Recent advances in gene editing technology could potentially be used to create disease-resistant animals. This could curtail the spread of avian influenza, commonly known as bird flu.
In a recent gene editing study, my colleagues and I showcased the potential of gene editing to protect chickens from the threat of bird flu. This disease is caused by an ever-evolving virus that gets around numerous biosecurity measures such as good hygiene, restricting bird movements, surveillance through appropriate testing, and selective elimination of infected birds.
A gene editing breakthrough would stem the huge economic losses currently suffered as a result of bird flu outbreaks. It would also be a significant step in controlling a disease that can cause serious sickness and death in humans.
Why managing bird flu matters
Outbreaks of bird flu around the world cost billions of dollars in losses. The United States Department of Agriculture reported that up to 50 million birds died from bird flu in 2022. Recently, the South African Poultry Association said more than 7 million chickens were destroyed after outbreaks were detected in the first half of 2023.
Beyond the economic implications, bird flu outbreaks also pose a risk to human health.
Prior to the COVID-19 pandemic, bird flu was considered a possible trigger for a devastating human pandemic.

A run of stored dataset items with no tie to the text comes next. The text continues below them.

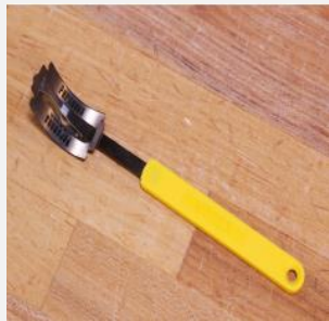
Blade Holder/Lame with Attached Plastic Holder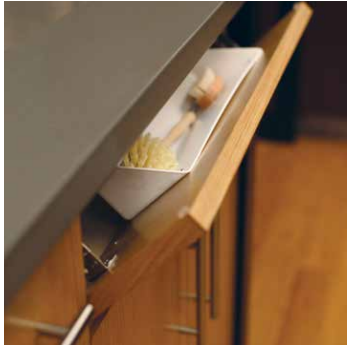
Sponges are tucked away neatly and can dry overnight in this tip-down sink tray (TDFS).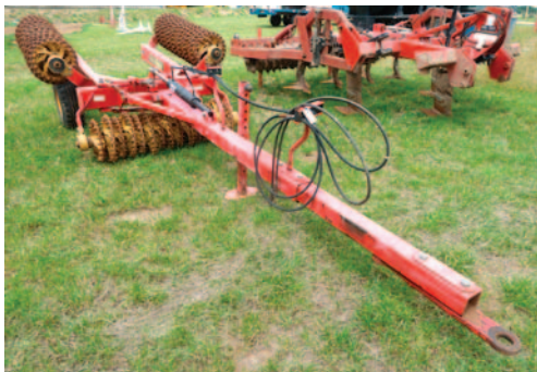
Vaderstad Rollex 450 press, 4.5m working width, 2.3m travel width, hydraulic folding, s.no B986B.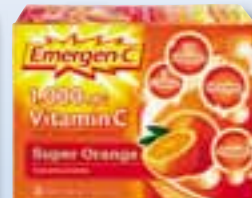
Emergen-C® Vitamin C Dietary Supplement Super Orange; Raspberry; Tangerine – 30 ct.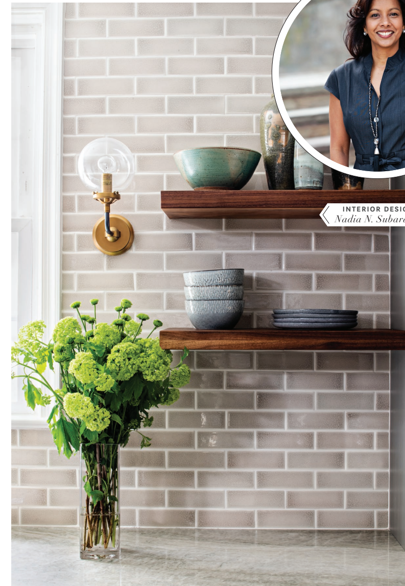
INTERIOR DESIGN Nadia N. Subaran

"Where we really love to have fun and push our budget is on things like cabinet hardware, lighting, and backsplash tile. People fall in love with those little details."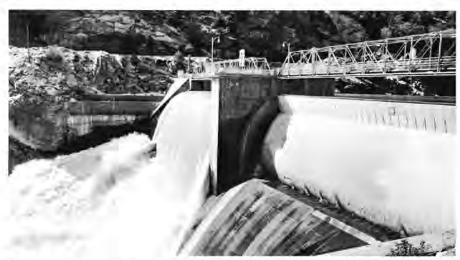
Cresta Dam on the Feather River near Western Pacific milepost number 247.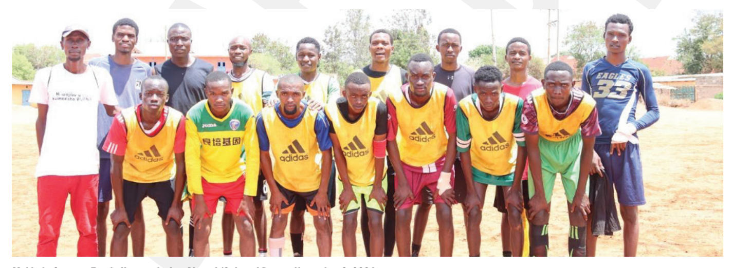
Makindu Campus Football team during Alumni/Cultural Day on November 9, 2024.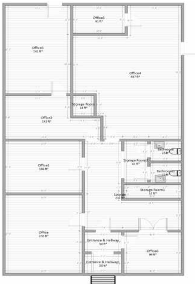
Ground Floor Office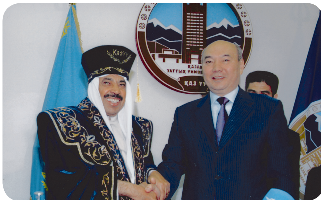
Abdulaziz Al-Babtain with Bakhytzhon Zhmagulov, Kazakhstan's Minister of Education, after receiving the honorary doctorate from Al-Farabi Kazakh National University, Kazakhstan (25 September 2009)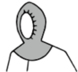
Hood, elastic face, covers shoulders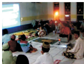
Elucidation about the importance of use MCK September 10-11, 2008 Mattirowalie Mosque Mattirowalie Village, Maniangpajo Subdistrict, Wajo District

This prompted international surveillance led by the World Organisation for Animal Health, the World Health Organization and the Food and Agricultural Organisation of the United Nations.
The fear is well-founded as the three flu pandemics of the 20th century – including the 1918 flu pandemic that claimed tens of millions of lives – originated from birds.

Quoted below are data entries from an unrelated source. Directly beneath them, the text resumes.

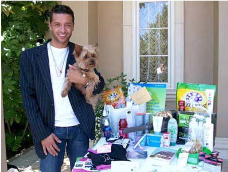
Jai Rodriguez from "Queer Eye" and "Groomer Has It"

To read a full review of “ The Dogs Next Door ” Hollywood celebrity benefit, click here .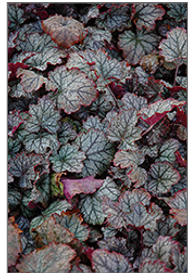
Raspberry Ice Coral Bells foliage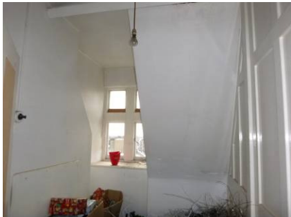
Figure 25: Bedroom.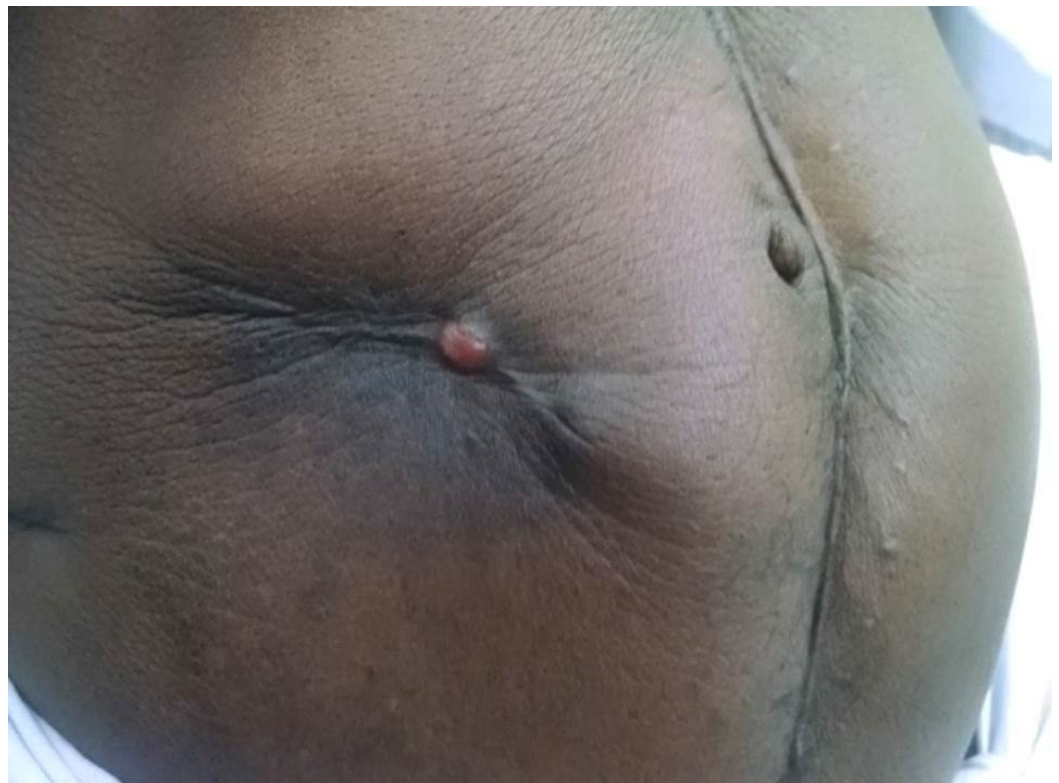
FIGURE 2: Purse-string skin closure scar three months post-stoma closure surgery

In our study, the sum of the observer scores and patient scores were taken as the 'total score' of the POSAS and were compared between the two groups to assess the difference in the scar outcome. Patients were assessed for scar cosmesis at four and 12 week follow-up periods (Figure 2).

Vaccinations can only do so much
Vaccination is a primary method for preventing bird flu outbreaks in chickens.
However, the effectiveness of vaccines is limited because the bird flu virus rapidly evolves. This makes existing vaccines less effective over time. Also, there are multiple strains of the bird flu virus but a vaccine is effective against a specific strain only.
It’s necessary to match a vaccine with the prevailing strain causing an outbreak. Using vaccines may also involve substantial costs and practical hurdles of distribution.
Gene editing to improve animal welfare
In contrast to vaccinations, gene editing targets a protein or proteins within chickens that are vital for all strains of bird flu, effectively stopping the virus in its tracks.
Gene editing refers to the process of making a precise change in a specific gene in an animal to introduce traits such as resistance to a particular disease, increased productivity and characteristics that enhance animal welfare.
A beneficial genetic change introduced into an animal using gene editing may already occur naturally in another animal.
For example, gene editing was used to make dairy cattle hornless by introducing into them a genetic change found in naturally hornless cattle. This is important as many dairy cattle have horns, resulting in the painful practice of dehorning calves to reduce the risk of injury to the animal and the farmer.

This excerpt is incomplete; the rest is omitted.